Remains of a peripteral temple have come to light, partially incorporated into the foundations of the Church of St Catherine, in the south-western corner of what is now Piazza Vittorio Emanuele II. The Ionic decoration of the geison (ridge beam frame) in marble would fix its chronology to the middle of the 3rd century BC.


There are no elements to identify the deity worshipped. The location so close to the agora/phorus suggests, however, that it was a sacred building of some importance: financial accounts document the cults of Zeus and Dionysus, who must have had a sanctuary in the city, as well as Apollo certainly. In the late 1st century A.D. or early 2nd century A.D., the temple was flanked, on the south side, by a odeon (covered theatre). The roofing system remains unclear.
Partially brought to light in 1892-1893, the cavea is made of brick. It contains eleven orders of seats divided by three ladders into four wedges. The eighth order from the orchestra upwards is used as a passage. In fact, the entrances or vomitoria opened onto it, two of which still exist. The vaulted corridor that runs along the rear side of the building, with which the passageways or vomitorium is in communication, is to be considered a rear addition. Portions of the brick facade of the pulpitum, or stage with semicircular niche remains.
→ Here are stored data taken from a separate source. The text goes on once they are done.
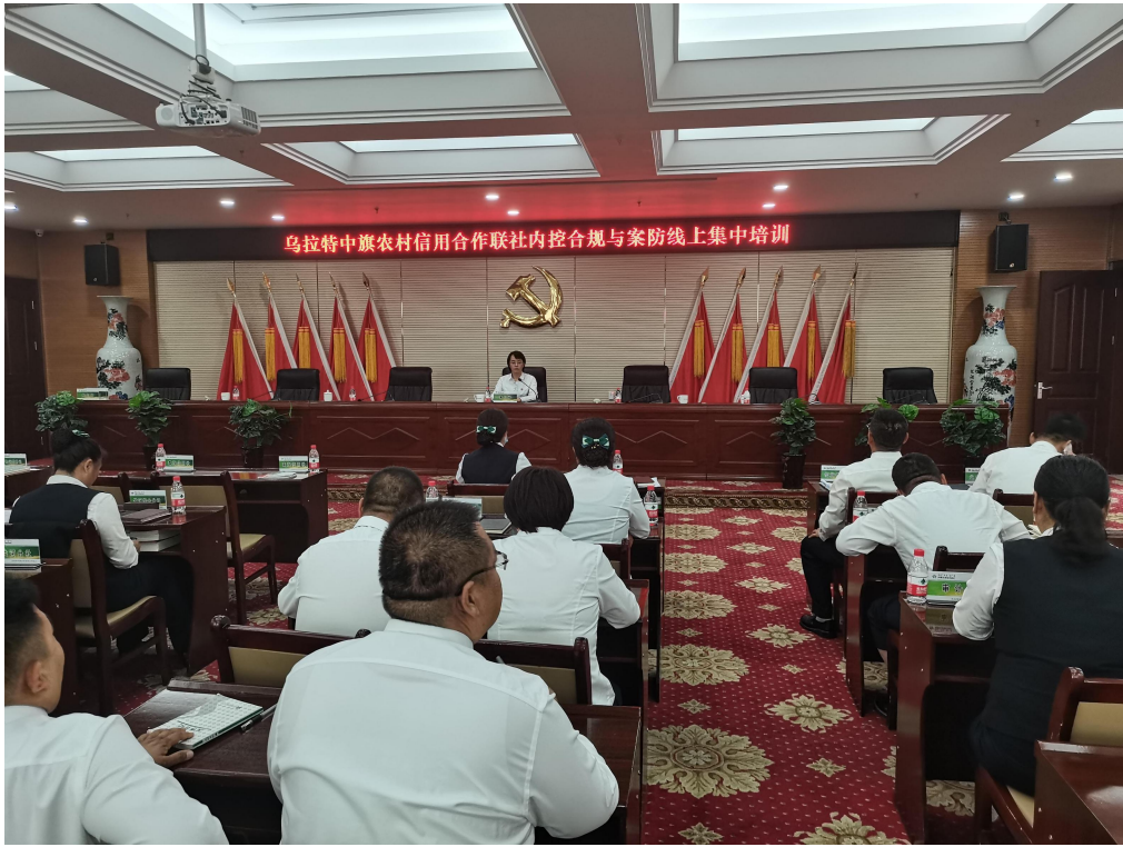
乌拉特中旗联社集中观看
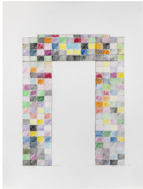
Sin título, 2000.

Dubuffet. Y, aunque gracias a sus fallas trabajó temporalmente en Lladró como diseñador jefe de equipo, siempre regresó a la calle, al espacio público. Aquel lugar le sedujo una y otra vez. Allí, en las fallas, el arte era un regalo que se ofrecía a la ciudad.
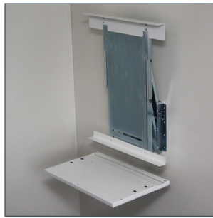
Bredde fra og med 50 cm til og med 120 cm

The wooden part of the stage behind it rested on the steps of the 3rd century BC temple, while its colonnade probably served as a backdrop. Together with that of Catania, the Odeon of Taormina is the only documented example of a covered theatre in Sicily. It was intended for performances, more precisely concerts, musical competitions, as well as conferences and public readings, but it may also have been used for political meetings. These were less attractive to the public than the theatre.